YOUR GOAL:
The required result is an exact copy of the lines from the one containing "Sạc dự phòng" to the last line of the records, both ends included, without pictures.

MATERIAL FOR THIS TASK:
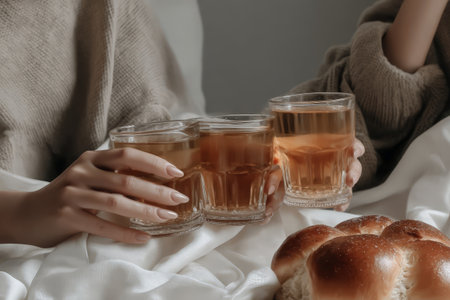 Cozy gathering: close-up of two females enjoying hot drinks with pastries indoors.
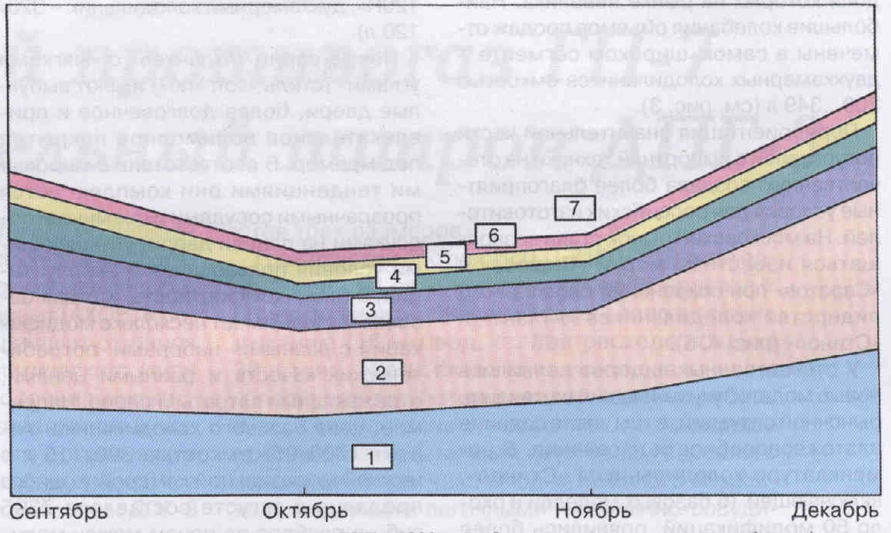 Рис.2. Доли продаж различных типов БХТ в 1998 г. (по данным четырех крупных продавцов): 1, 2 и 3 — двухкамерные холодильники емкостью до 300л, 300—349л и более 350л; 4 — однокамерные холодильники; 5 — трех- и многокамерные холодильники; 6 — вертикальные морозильники типа «шкаф» и «стол»; 7 — горизонтальные морозильники типа «ларь»
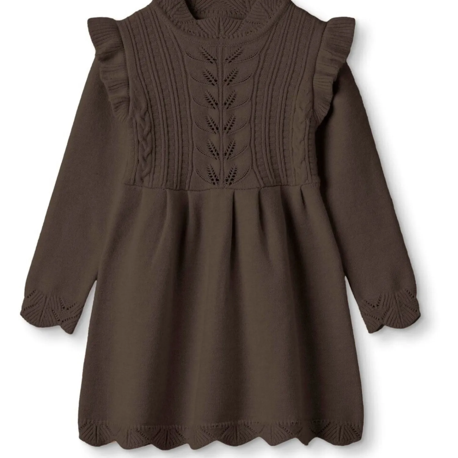 Denne charmerende strikkede kjole er lavet af en blød blanding bestående af 50% LENZING™ ECOVERO™ viskose, 27% nylon og 23% polyester. Kjolen er dekoreret med fine mønstrede detaljer foran samt på bunden og ærmerne. De elegante flæser på skuldrene tilføjer et sødt og chic touch, der passer perfekt til enhver lejlighed. Den ansvarlige fremstillingsproces af viskosen sikrer mindre miljøbelastning, hvilket gør denne kjole til et ideelt valg for miljøbevidste forældre. Let at vedligeholde, kan kjolen maskinvaskes ved 30 °C og kræver kun lav temperatur ved strygning.
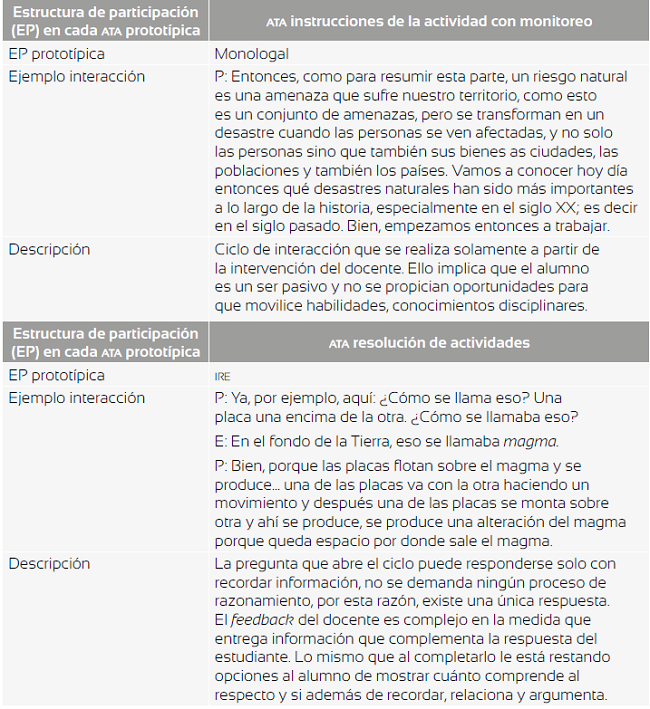 Respondiendo al análisis de la interacción que surge en el aula a partir del despliegue de las diferentes unidades de análisis, es necesario responder a la forma como se organizan los ciclos de interacción. Para ello, la tabla 3 muestra la estructura de participación predominante en cada ATA prototípica de este estudio de caso.
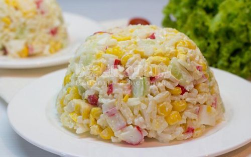 Вроде ничего такого особенного, но рис с огурцами подчеркивает вкус классического рецепта крабового салата. Это блюдо можно готовить по любым поводам, так как приготовление не составит особого труда и не займет много времени, но чаще его все таки подают на зимние праздники.
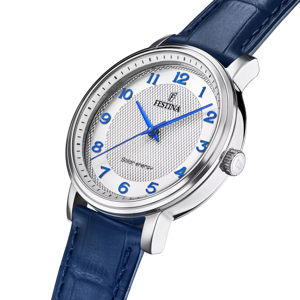 Die Solar Energy Kollektion verbindet innovative Technik mit anspruchsvollem, modernem Design. Die Festina F20660/1 zeichnet sich durch klare Linien, eine ausgewogene Gehäuseform und harmonische Farbkontraste aus. Das silberne Zifferblatt, das blaue Lederarmband und das Edelstahlgehäuse schaffen einen Look, der sowohl klassisch als auch zeitgemäß ist. Diese Designsprache spricht Herren an, die eine Uhr suchen, die sowohl im Berufsalltag als auch bei besonderen Anlässen Eindruck hinterlässt.
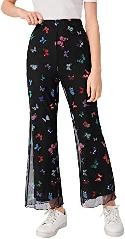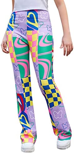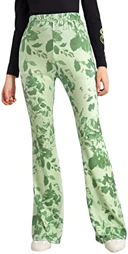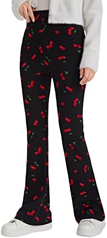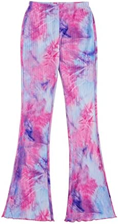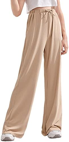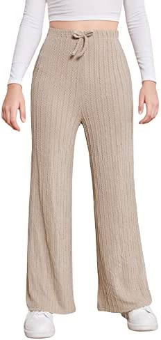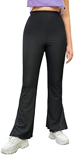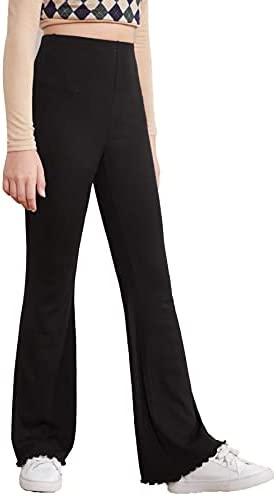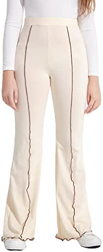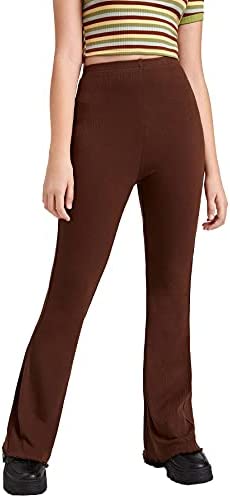 WDIRARA Girl's Elastic Waist Flare Leg Ribbed Knit Casual Stretch Long Pants
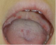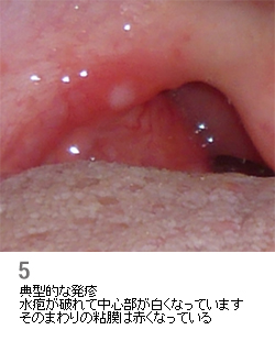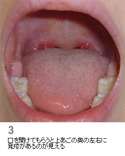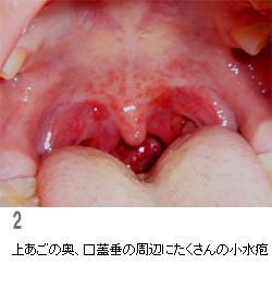 写真のような発疹を上あごに見つければ、すぐにヘルパンギーナとわかります。
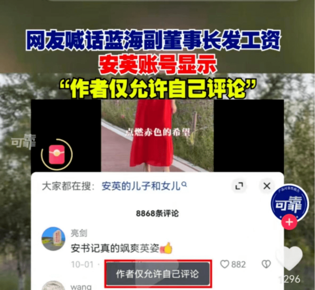 安英曾是蓝海集团的党委书记,现抖音认证信息为副董事长。她在平台上营造的阳光、热情、知性的成熟职业女性形象,收获了诸多粉丝和积极向上的回应。在欠薪传闻爆发之后,她调整抖音账号评论设置,最新内容设为“仅自己评论”,试图以此维护自身的体面形象。
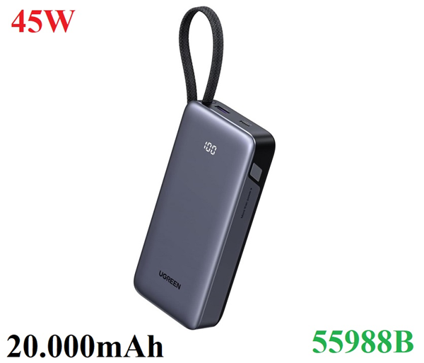 Sạc dự phòng PD 45W Nexode 20000mAh 3 cổng có cáp USB-C liền Ugreen 55988B cao cấp
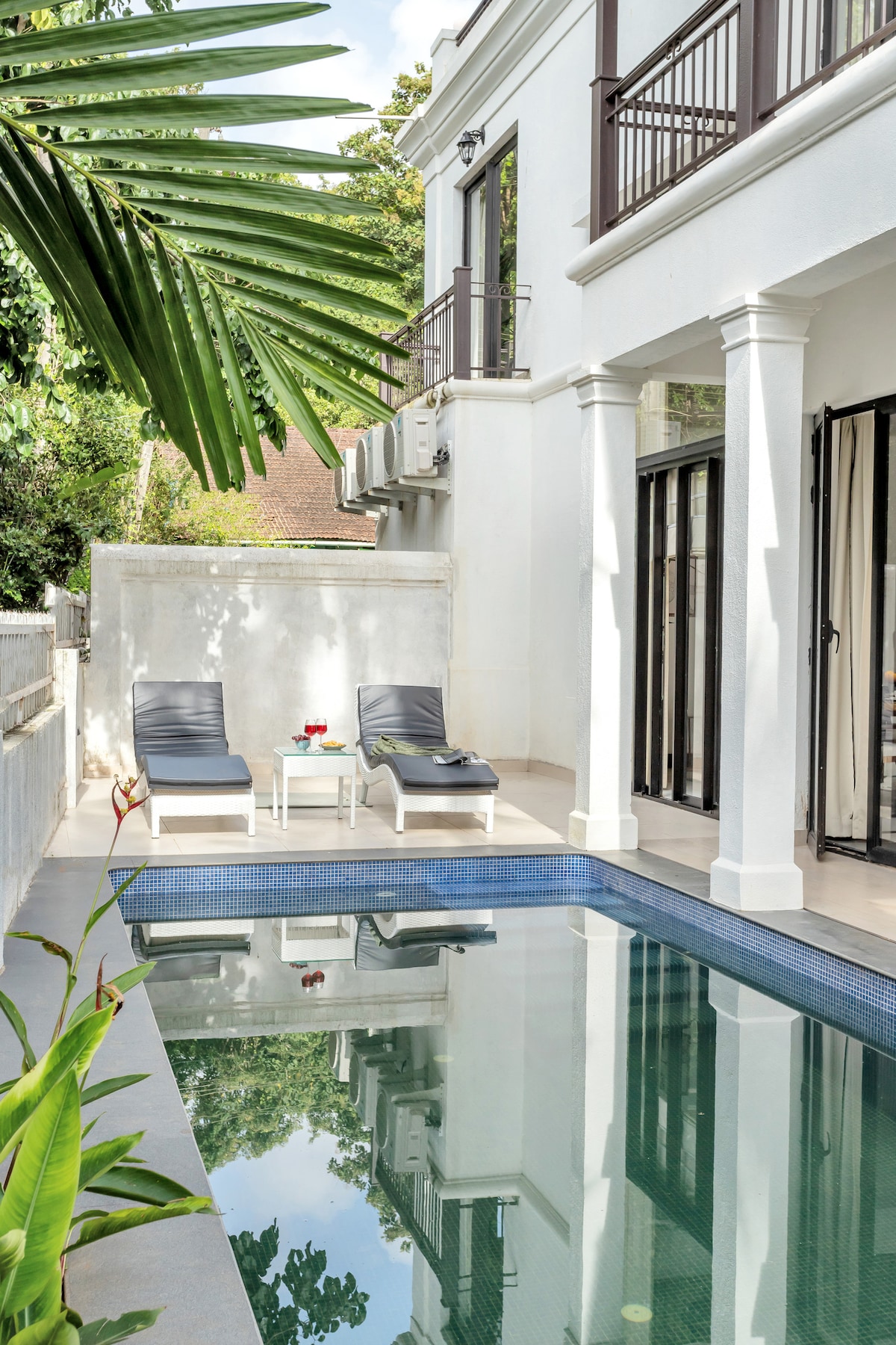 Kick back and relax in this calm, stylish villa. This unique and elegant space combines all the best that Goa has to offer, the combination of culture, entertainment, amazing sunsets; and top-end amenities like a hot tub, a swimming pool and power backup, to boost your getaway and your social media. This is a standalone villa located just 10 min from Candolim beach, within a gated complex. Well connected to highways, and not too far from shops, mall, restaurants, bars, and supermarkets.
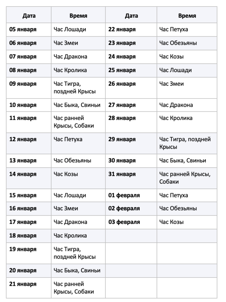| Коза | 08, 20 января, 01 февраля. |
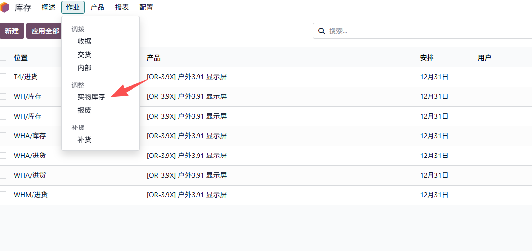 - 创建新的库存调整单
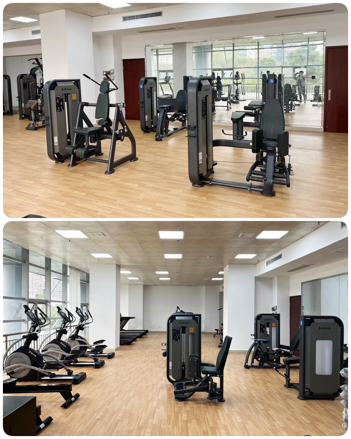 有氧区域主要配置了银河GalaxyX5跑步机、X5-E椭圆机、划船器SH-R8100、动感单车。有氧器材可以改善心肺功能、促进血液循环、提高新陈代谢、提升身体素质、提供了多样化的锻炼选择、能有效缓解工作压力和焦虑情绪,从而提高注意力和专注力,使员工在工作中更加冷静、高效。
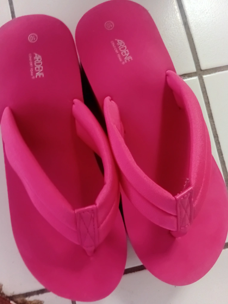 Selling a pair of Ardene flip flops in a vibrant pink! They're in great condition and are a size 10. Perfect for summer or wearing around the house
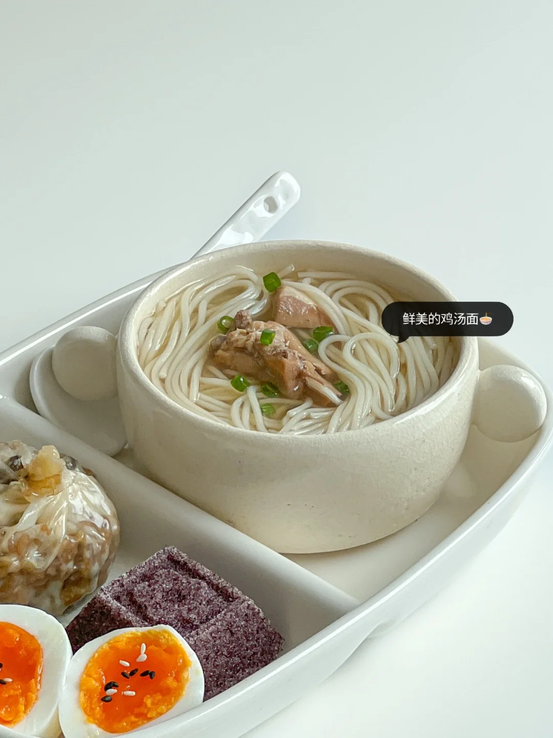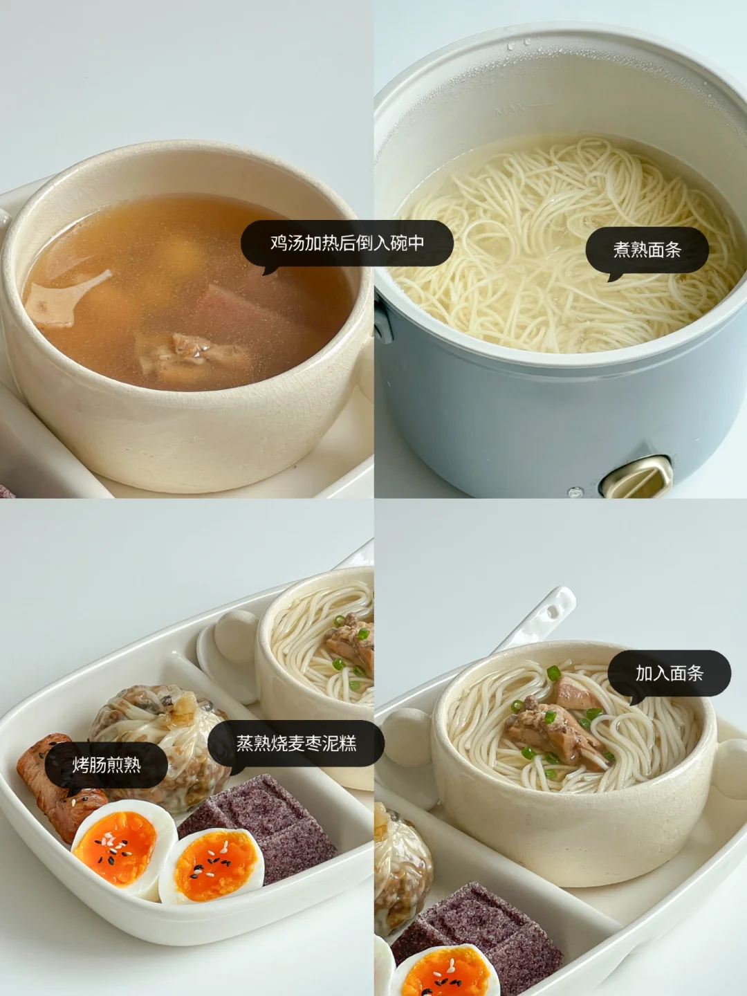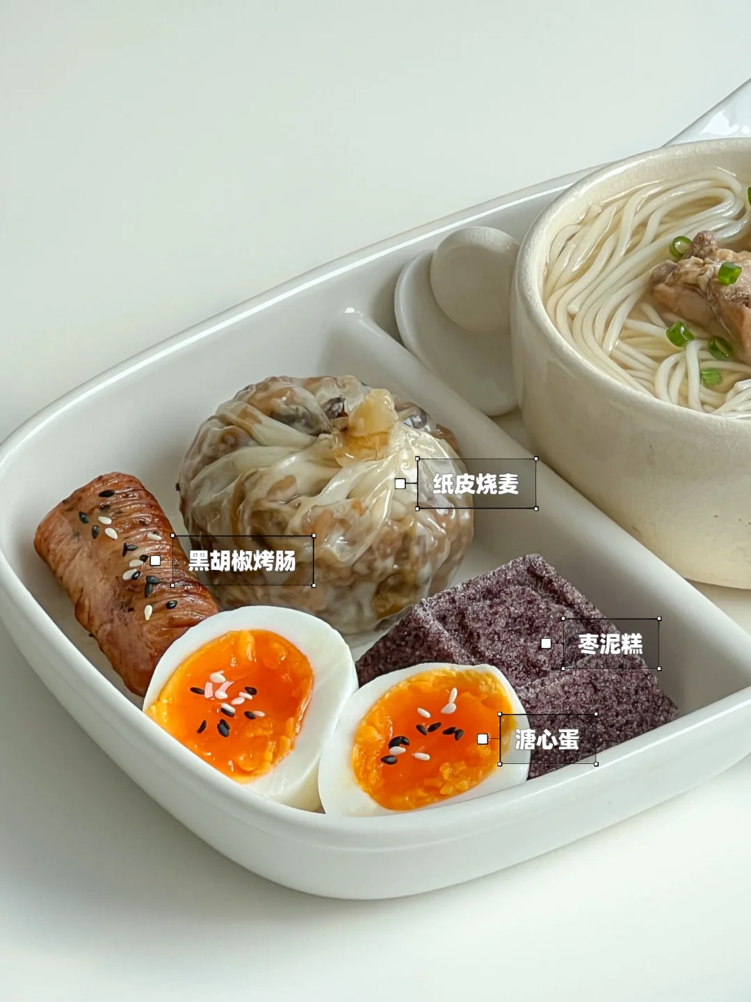 每天早起就是为了这一口🤤 中国胃表示太爱中式早餐啦~ · 🧾食材: 鸡汤、面条、鸡蛋🥚、纸皮烧麦、枣泥糕、黑胡椒烤肠 👩🏻🍳做法: ❶鸡汤加热,面条煮熟放入鸡汤中 ❷纸皮烧麦、枣泥糕上锅蒸熟 ❸水开下可生食鸡蛋,煮6分钟捞出过冷水 ❹烤肠煎熟 · 鸡汤面我用的是自热的陈皮雪梨百合土鸡汤,只需要旋转一下,8分钟就可以喝到一碗热腾腾的广式土鸡汤啦,鸡肉软嫩,汤汁鲜美,和家中小火慢炖好几个小时鸡汤的味道一样,然后再煮点面条放进去,10分钟get鲜美的鸡汤面,今天的快乐是豹大厨给的~🤭

EXERCISE RESPONSE:
 Sạc dự phòng PD 45W Nexode 20000mAh 3 cổng có cáp USB-C liền Ugreen 55988B cao cấp
 Kick back and relax in this calm, stylish villa. This unique and elegant space combines all the best that Goa has to offer, the combination of culture, entertainment, amazing sunsets; and top-end amenities like a hot tub, a swimming pool and power backup, to boost your getaway and your social media. This is a standalone villa located just 10 min from Candolim beach, within a gated complex. Well connected to highways, and not too far from shops, mall, restaurants, bars, and supermarkets.
| Коза | 08, 20 января, 01 февраля. |
 - 创建新的库存调整单
 有氧区域主要配置了银河GalaxyX5跑步机、X5-E椭圆机、划船器SH-R8100、动感单车。有氧器材可以改善心肺功能、促进血液循环、提高新陈代谢、提升身体素质、提供了多样化的锻炼选择、能有效缓解工作压力和焦虑情绪,从而提高注意力和专注力,使员工在工作中更加冷静、高效。
 Selling a pair of Ardene flip flops in a vibrant pink! They're in great condition and are a size 10. Perfect for summer or wearing around the house
 每天早起就是为了这一口🤤 中国胃表示太爱中式早餐啦~ · 🧾食材: 鸡汤、面条、鸡蛋🥚、纸皮烧麦、枣泥糕、黑胡椒烤肠 👩🏻🍳做法: ❶鸡汤加热,面条煮熟放入鸡汤中 ❷纸皮烧麦、枣泥糕上锅蒸熟 ❸水开下可生食鸡蛋,煮6分钟捞出过冷水 ❹烤肠煎熟 · 鸡汤面我用的是自热的陈皮雪梨百合土鸡汤,只需要旋转一下,8分钟就可以喝到一碗热腾腾的广式土鸡汤啦,鸡肉软嫩,汤汁鲜美,和家中小火慢炖好几个小时鸡汤的味道一样,然后再煮点面条放进去,10分钟get鲜美的鸡汤面,今天的快乐是豹大厨给的~🤭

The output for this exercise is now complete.